§ WHAT THE TASK REQUIRES
Please repeat exactly the lines below from the line with "Bình Trà vẽ bằng Vàng gốm Bát Tràng" to the line with "復古紅比鮮紅要暗一些,厚重些", including both, and leave out every picture.

§ MATERIAL PROVIDED
-- -- --

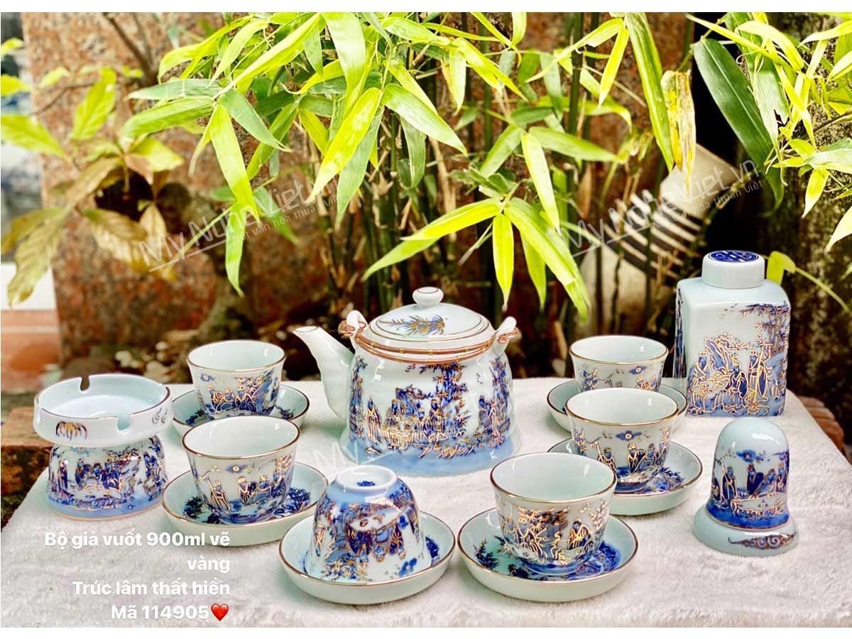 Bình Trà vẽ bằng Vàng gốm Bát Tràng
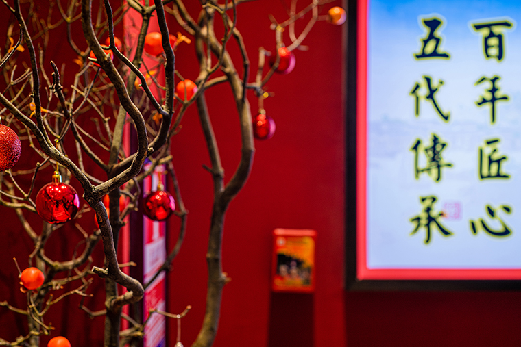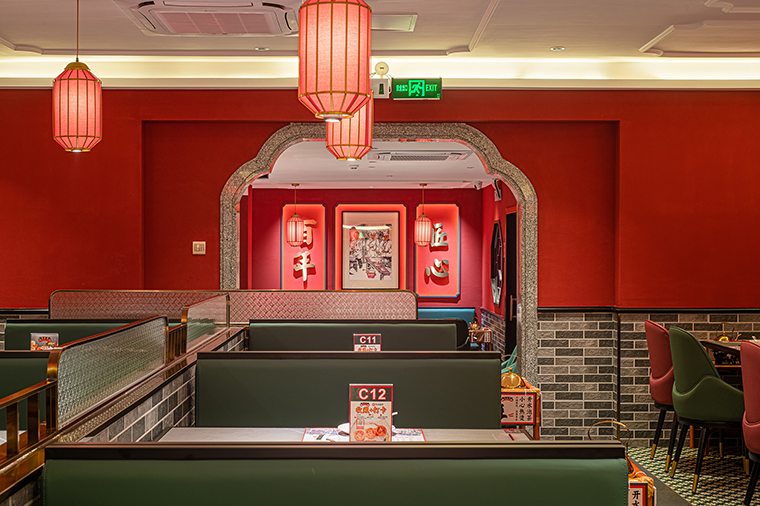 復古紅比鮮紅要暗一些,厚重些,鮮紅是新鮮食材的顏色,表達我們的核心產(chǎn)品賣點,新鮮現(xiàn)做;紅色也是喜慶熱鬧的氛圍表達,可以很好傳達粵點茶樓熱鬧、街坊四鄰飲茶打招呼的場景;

-- -- --

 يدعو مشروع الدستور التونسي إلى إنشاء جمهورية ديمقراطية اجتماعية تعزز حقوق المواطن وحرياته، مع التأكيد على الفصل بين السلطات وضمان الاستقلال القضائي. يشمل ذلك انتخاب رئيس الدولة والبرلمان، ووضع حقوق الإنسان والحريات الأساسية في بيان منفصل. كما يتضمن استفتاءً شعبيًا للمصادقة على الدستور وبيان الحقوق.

-- -- --

§ OUTPUT BELOW
 Bình Trà vẽ bằng Vàng gốm Bát Tràng
 復古紅比鮮紅要暗一些,厚重些,鮮紅是新鮮食材的顏色,表達我們的核心產(chǎn)品賣點,新鮮現(xiàn)做;紅色也是喜慶熱鬧的氛圍表達,可以很好傳達粵點茶樓熱鬧、街坊四鄰飲茶打招呼的場景;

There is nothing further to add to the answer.